> Instructions to follow
Leaving out the pictures, return each line of the entries from the first through the line with "(二)組織實(shí)施階段", and only those lines.
START Records supplied
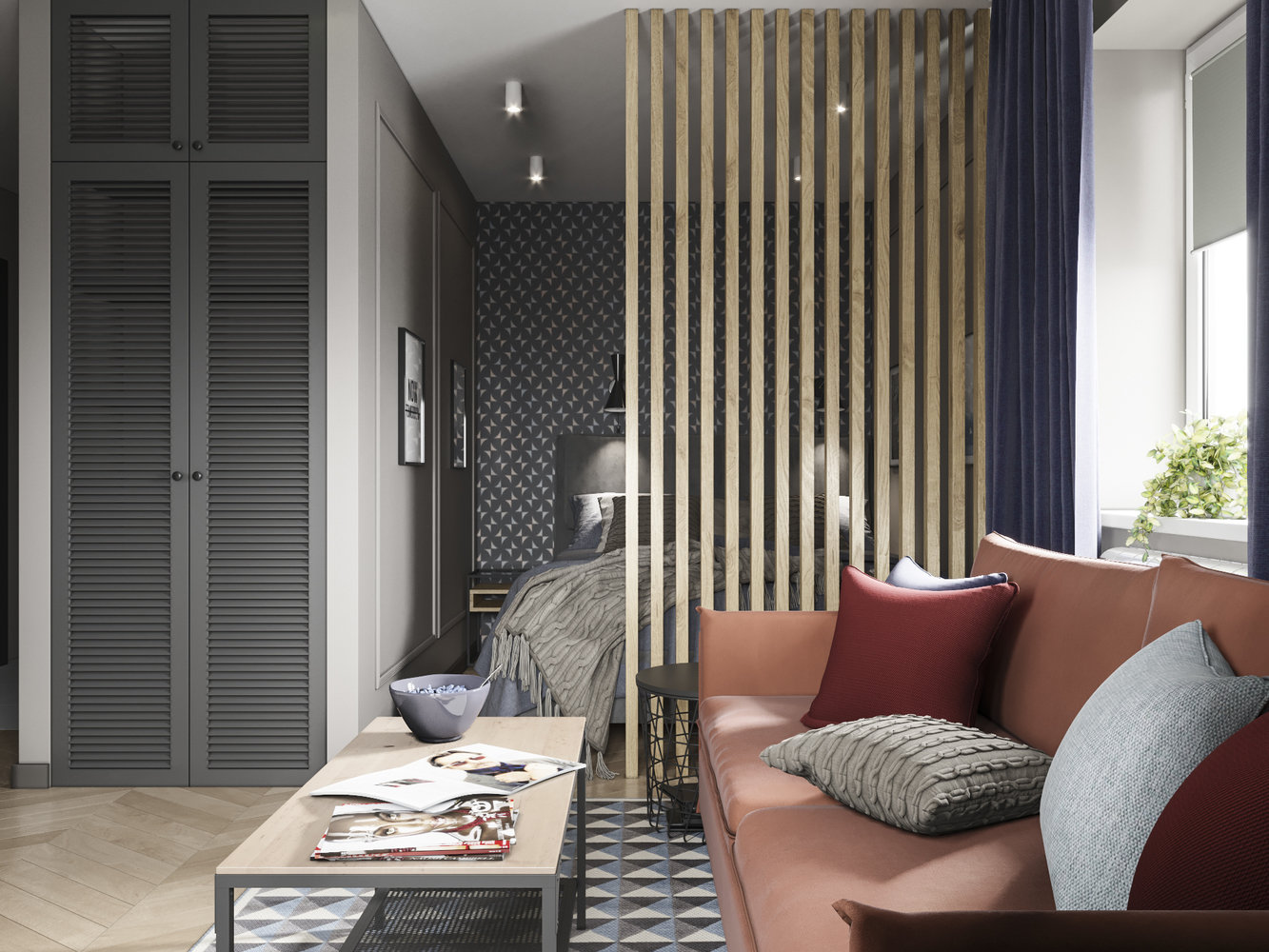 Фотография: Гостиная в стиле Современный, Малогабаритная квартира, Квартира, Проект недели, «Атмосфера», Монолитный дом, 1 комната, до 40 метров, Алена Еременко, Ярославль, ПРЕМИЯ INMYROOM – фото на INMYROOM
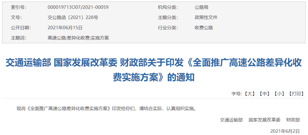 (二)組織實(shí)施階段,2021年9月底前。各地交通運(yùn)輸、發(fā)展改革和財(cái)政主管部門要督促指導(dǎo)高速公路經(jīng)營管理單位,按照省級(jí)人民政府批準(zhǔn)的方案,認(rèn)真組織實(shí)施,切實(shí)做好政策發(fā)布和宣傳解讀、費(fèi)率調(diào)整等相關(guān)工作;結(jié)合收費(fèi)公路車輛通行費(fèi)優(yōu)惠政策調(diào)查月報(bào)制度,按月上報(bào)差異化收費(fèi)政策實(shí)施情況;加強(qiáng)動(dòng)態(tài)跟蹤,及時(shí)妥善解決出現(xiàn)的問題,確保差異化收費(fèi)工作科學(xué)規(guī)范開展,并取得切實(shí)成效。
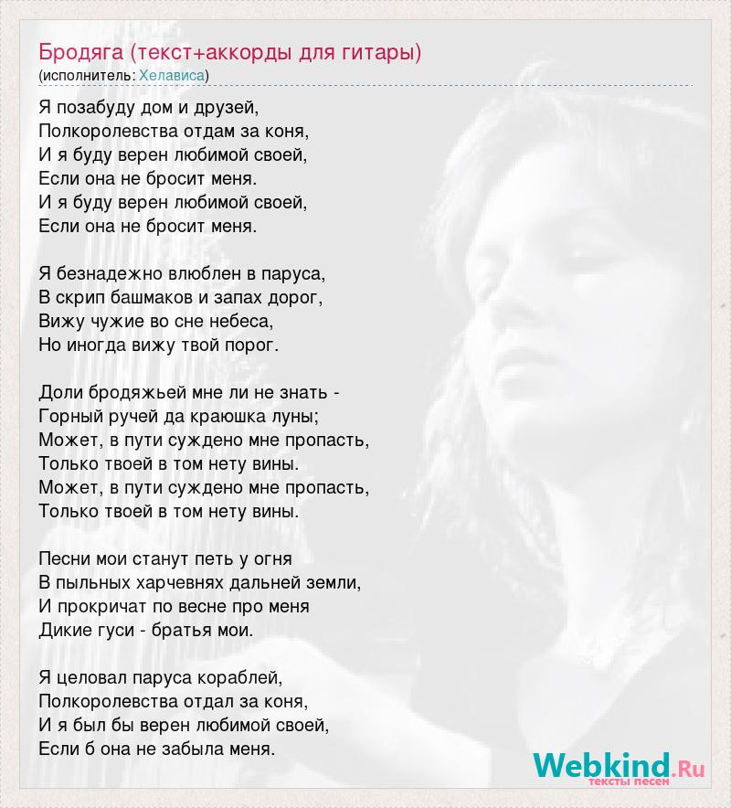 Я позабуду дом и друзей, Полкоролевства отдам за коня, И я буду верен любимой своей, Если она не бросит меня. И я буду верен любимой своей, Если она не бросит меня. Я безнадежно влюблен в паруса, В скрип башмаков и запах дорог, Вижу чужие во сне небеса, Но иногда вижу твой порог. Доли бродяжьей мне ли не знать - Горный ручей да краюшка луны; Может, в пути суждено мне пропасть, Только твоей в том нету вины. Может, в пути суждено мне пропасть, Только твоей в том нету вины. Песни мои станут петь у огня В пыльных харчевнях дальней земли, И прокричат по весне про меня Дикие гуси - братья мои. Я целовал паруса кораблей, Полкоролевства отдал за коня, И я был бы верен любимой своей, Если б она не забыла меня.
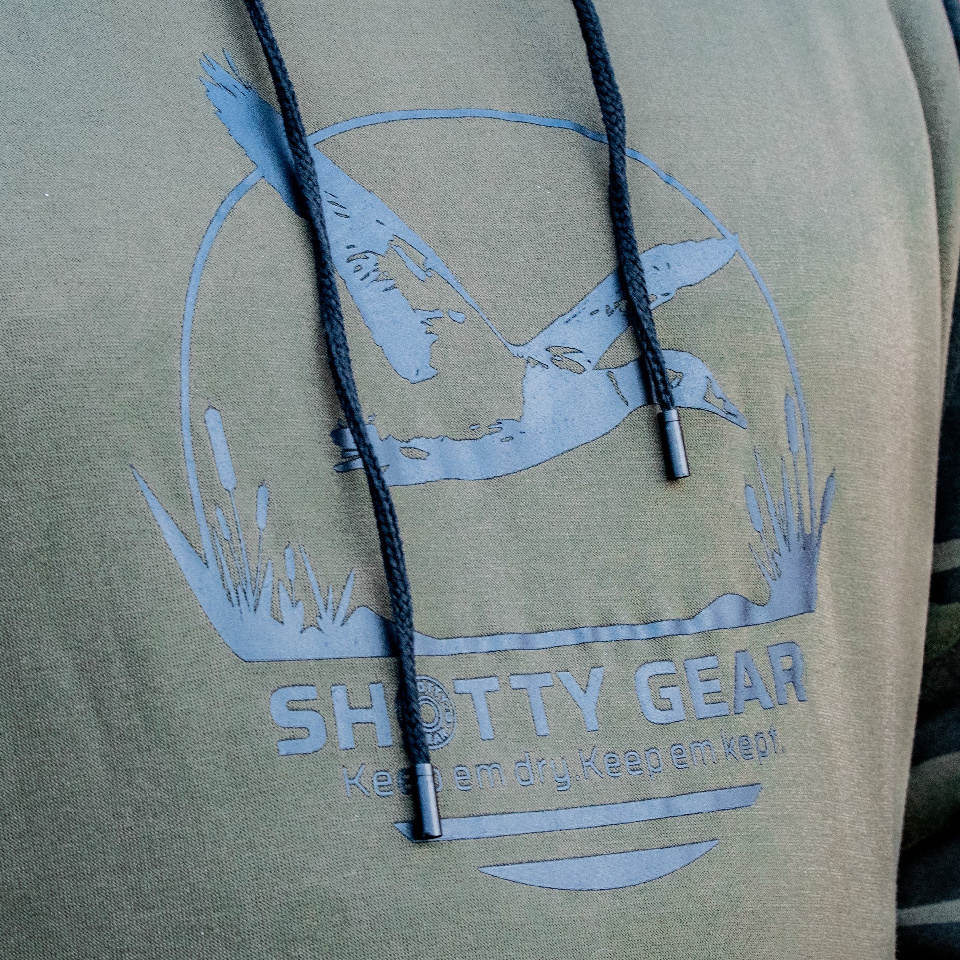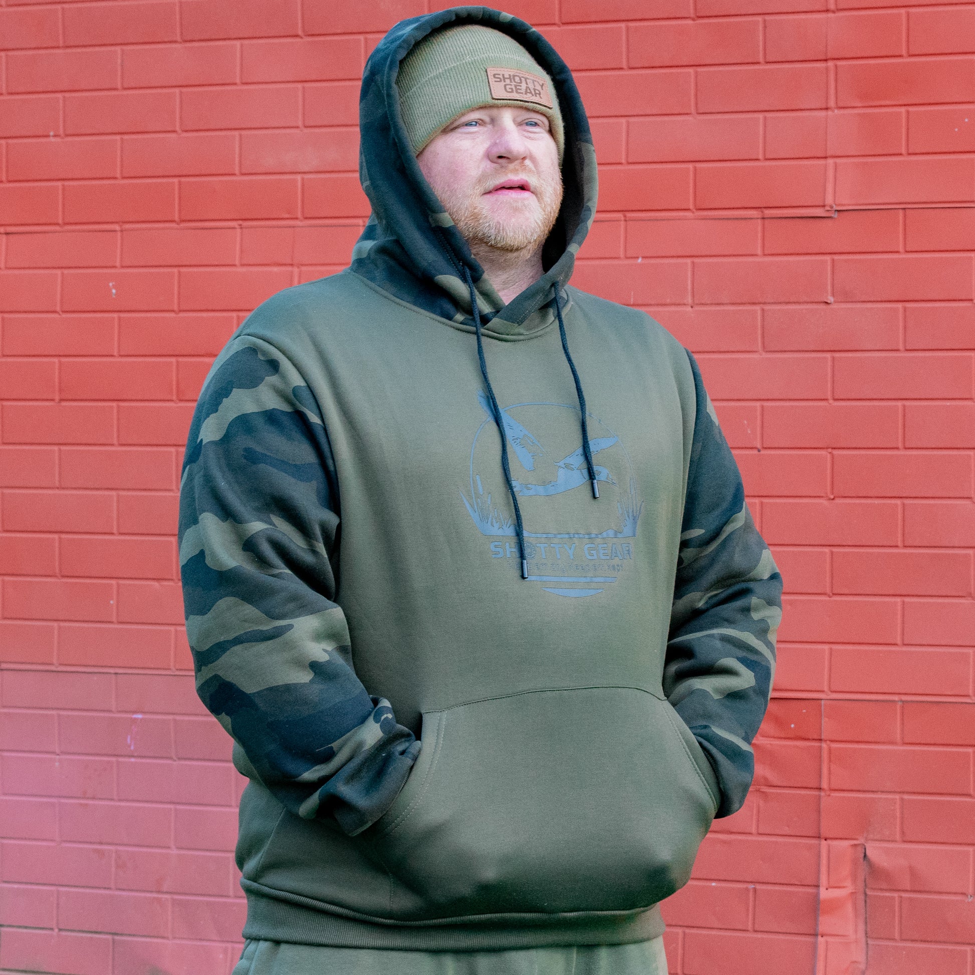 The Shotty Gear Marsh Mallard Midweight Hoodie is designed for the dedicated duck hunter. Made from 100% polyester, this durable hoodie offers a perfect balance of warmth and breathability, ideal for those cooler mornings in the blind. Featuring camo sleeves and the iconic Marsh Mallard logo on the chest, it blends performance with style, ensuring you're both comfortable and ready for action in any setting. A must-have for those who live for the hunt.
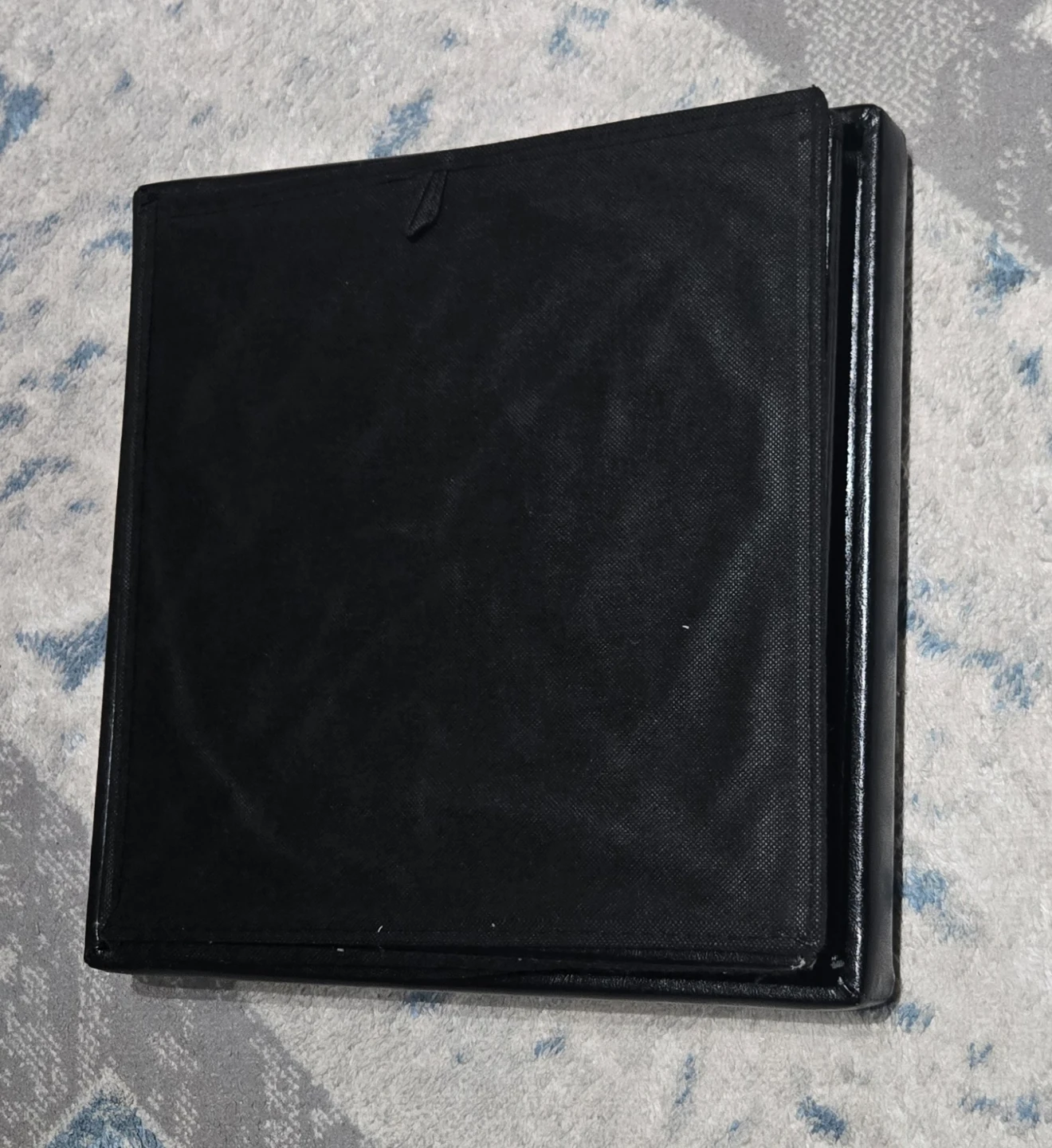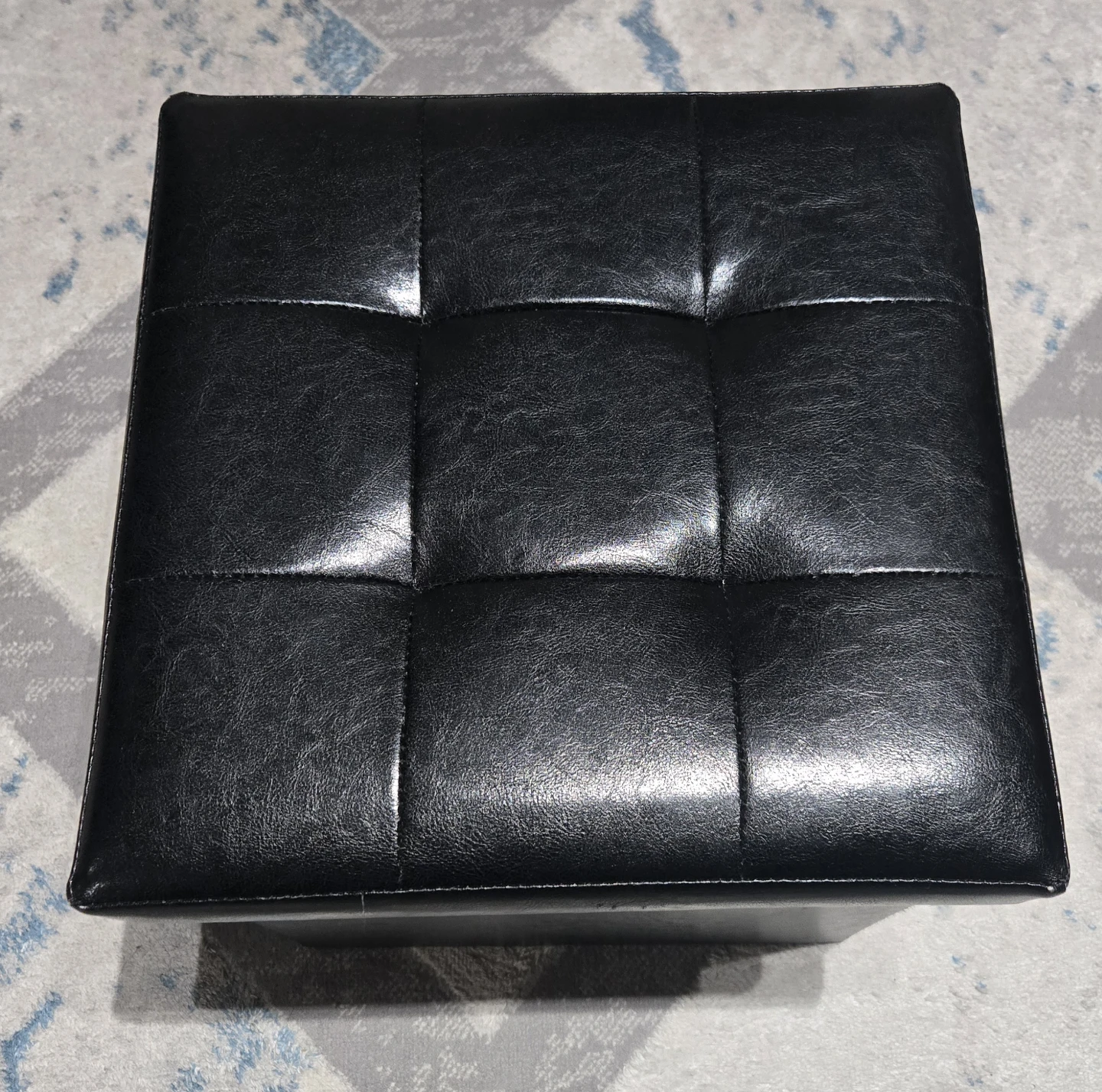 This is a black faux leather storage ottoman. It measures approximately 15x15 inches. It's in good condition. Pick up Signal Hill. Cash only
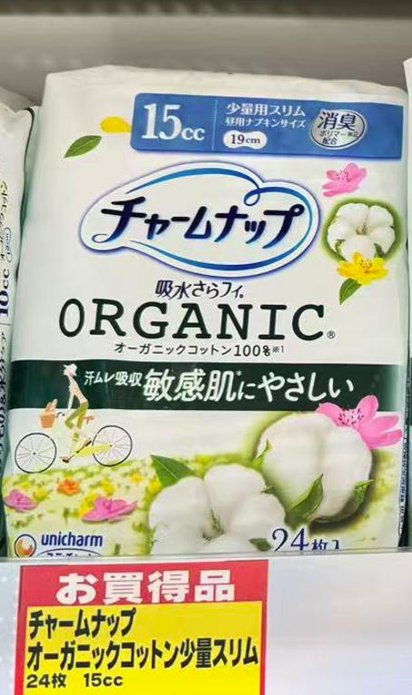 苏菲 UNICHARM尤妮佳 100%有机棉量少用抗菌消臭卫生巾护垫 15cc19cm 24枚入
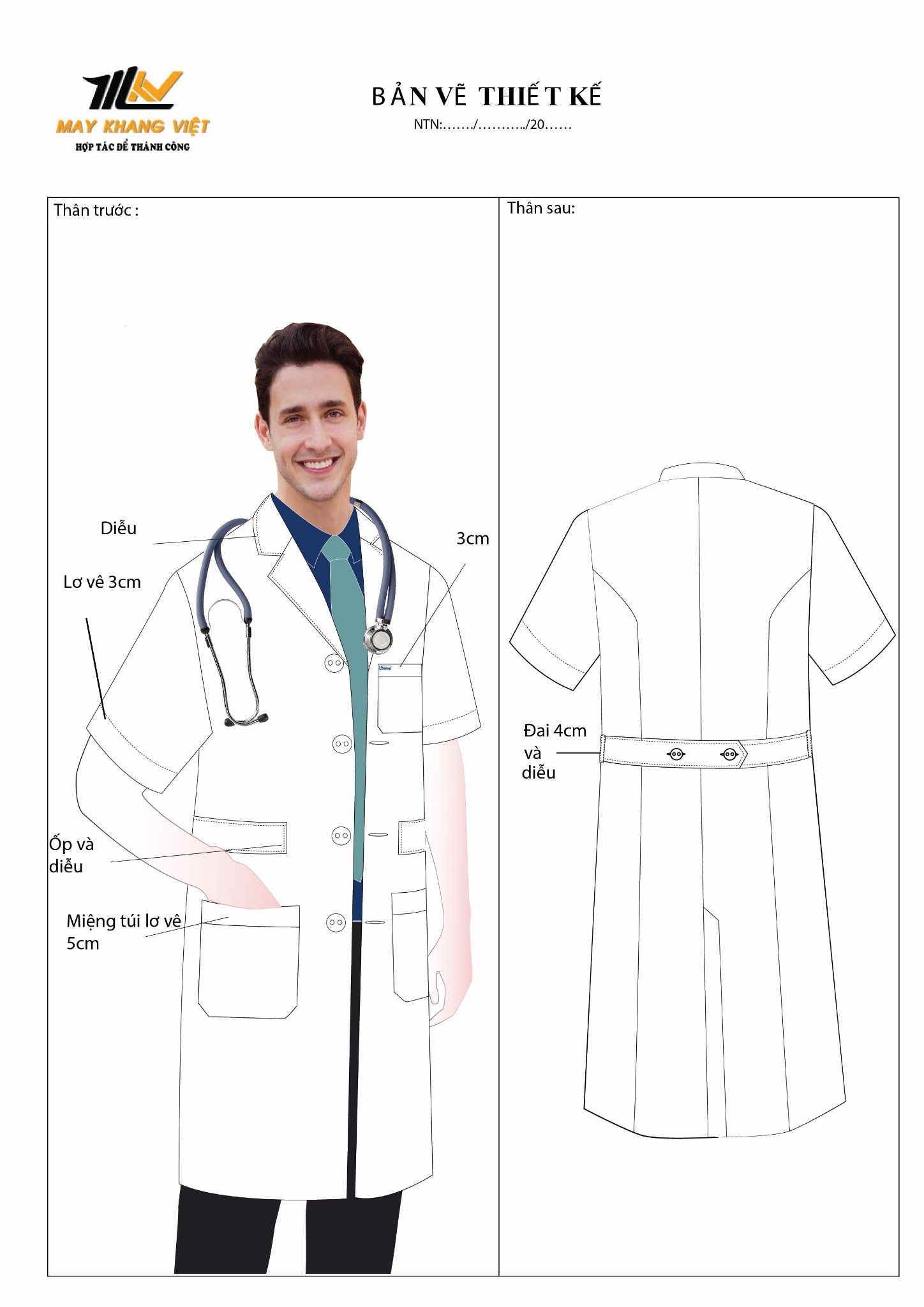 Kiểu dáng: Áo blouse cổ 2 VE, cài KHUY giữa BẰNG KHUY NHỰA, chiều dài áo NGANG gối, kiểu ngắn tay, phía trước có 3 túi, có khuy cài biển công tác, CÓ ĐAI EO BẢN 4CM XẾP CHỒNG PHÍA SAU VÀ CÀI 2 KHUY, phía sau xẻ giữa tới ngang mông.
END Records supplied
> Answer section
 Фотография: Гостиная в стиле Современный, Малогабаритная квартира, Квартира, Проект недели, «Атмосфера», Монолитный дом, 1 комната, до 40 метров, Алена Еременко, Ярославль, ПРЕМИЯ INMYROOM – фото на INMYROOM
 (二)組織實(shí)施階段,2021年9月底前。各地交通運(yùn)輸、發(fā)展改革和財(cái)政主管部門要督促指導(dǎo)高速公路經(jīng)營管理單位,按照省級(jí)人民政府批準(zhǔn)的方案,認(rèn)真組織實(shí)施,切實(shí)做好政策發(fā)布和宣傳解讀、費(fèi)率調(diào)整等相關(guān)工作;結(jié)合收費(fèi)公路車輛通行費(fèi)優(yōu)惠政策調(diào)查月報(bào)制度,按月上報(bào)差異化收費(fèi)政策實(shí)施情況;加強(qiáng)動(dòng)態(tài)跟蹤,及時(shí)妥善解決出現(xiàn)的問題,確保差異化收費(fèi)工作科學(xué)規(guī)范開展,并取得切實(shí)成效。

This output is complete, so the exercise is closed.